My solution to this one is to do them lying on my side on the floor, using a ten pound weight held against the upper part of my outer thigh. The only other way I can see to avoid this is to switch your starting side each time, but that would only work if I did this workout consistently, which I don't. Maybe someone else will come up with a more creative approach! I hope so, because I have found this to be a problem for me as well, Nancy!

Carol
:)
 
Here is a suggestion.
Stop after one side and get a good stretch in BOTH outer thighs.

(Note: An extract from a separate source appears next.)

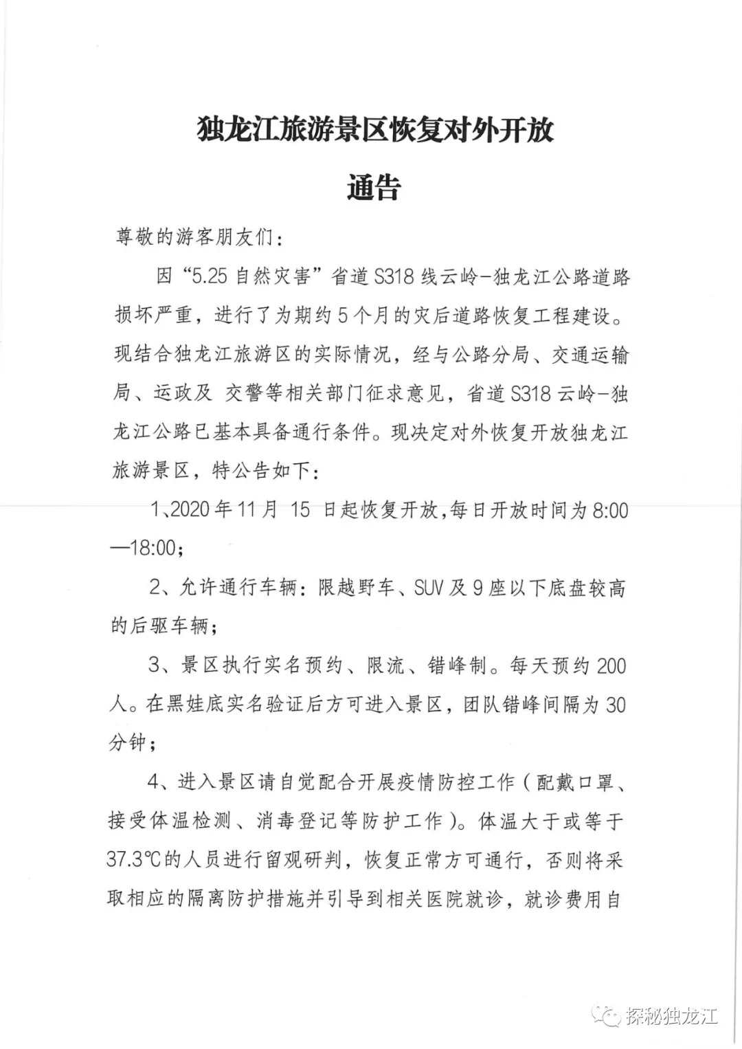 据云南贡山独龙族怒族自治县文化和旅游局微信公众号消息,经过5个多月的道路恢复工程建设,云南怒江州贡山县通往独龙江乡的公路基本具备通行条件,自11月15日起,独龙江景区开始对外开放。

Sit on the floor, cross one leg over the other and put the foot of the crossed leg on the out side of the opposite thigh. Use your arm to push your leg deeper into the stretch. do both sides and take your time. Then go on and do the other side of outer thigh lifts on the stability ball.
 
I switch which leg I start with each time I do the workout. I also do this with PLB and PS Legs.
 
I did em on the floor, as I do for PLB and it obviously did the job. I hadn't been able to exercise much for awhile, and then I did PushPull yesterday and now my entire lower body is in a painful state of DOMS. I'm so disappointed because I wanted to work out today and I don't know how I'm going to. Weekends are my best time for working out. ;(

KathyH was right! I liked the workout!
 
I switch legs each time I do PP, PLB and PS, making a note in my workout log so I remember which side to start with the next time.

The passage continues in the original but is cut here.